With the mass of people being attracted to an area, the more housing and other buildings are required to facilitate these employees, tourists and other groups. The environment is therefore detrimentally affected as the buildings destroy habitats, which along the coastlines of many countries can prove to be areas of natural beauty, which are covered by tourist resorts, in a matter of a few years from the start of tourism in a country aimed at this type of mass tourism. These mass resorts need an outlet for the waste they produce as much as three times as much waste as is produced by the country in low season, an indication of the environmental impact that the tourists have on an area.

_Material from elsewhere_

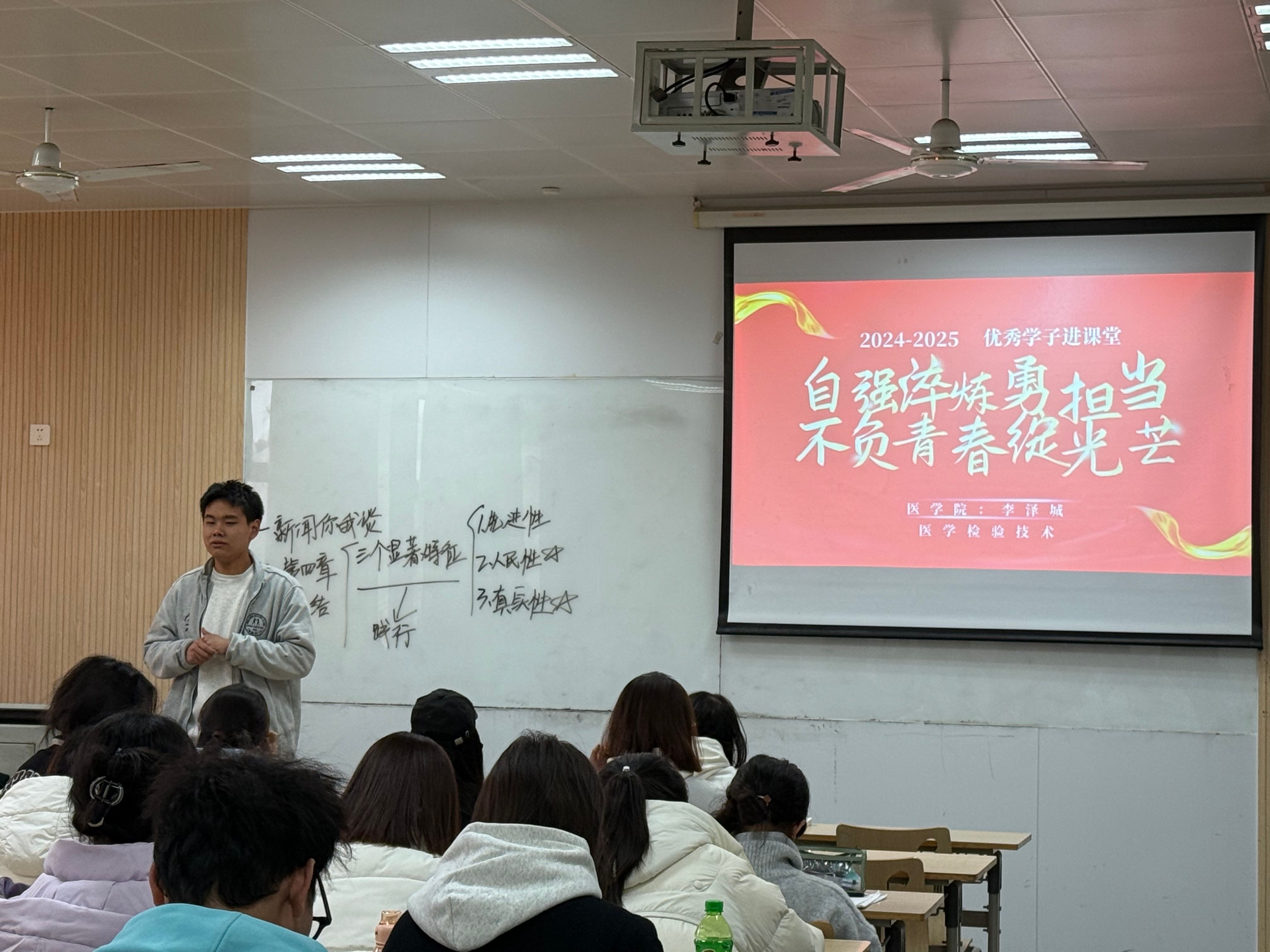 为落实立德树人根本任务,进一步加强学风建设,切实引导广大学生树立正确的成才观,充分发挥榜样的力量,11月21日,我校教务管理中心英才办联合马克思主义学院举办优秀学子进课堂活动,邀请体育学院2021级学生高浩博、传媒与设计学院2022级学生陈静怡、医学院2021级学生李泽城三名国家奖学金候选人分别进入其所在学院2024级英才班学子们分享自己的学习、学科竞赛、科研、实践等经历经验。
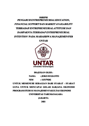 SUGIANTO, JOKO (2021) PENGARUH ENTREPRENEURIAL EDUCATION, FINANCIAL SUPPORT DAN MARKET AVAILABILITY TERHADAP ENTREPRENEURIAL ATTITUDE DAN DAMPAKNYA TERHADAP ENTREPRENEURIAL INTENTION PADA MAHASISWA MANAJEMEN FEB UNTAR. Skripsi thesis, Universitas Tarumanagara.

Therefore, it is evident that there are both positive and negative economic (in the form of economic carrying capacity being too low in low season) effects, which appear to outweigh the highly negative effects on the environment in the host country. Indeed, there is a need for a review on how to create a sustainable solution to the difference between the two aspects of a country’s development. If a satisfactory conclusion is not met in relation to sustaining the environment in a given area, it is unlikely that the tourism industry will survive as the tourists will be repelled by the poor environmental quality. Sustainable ecotourism or simply a reinvention of the processes involved in transport, waste disposal and the impact the tourist has on the environment need to be implemented in order to create a tourist destination which will last the host country long enough to become established and diversified in many industries.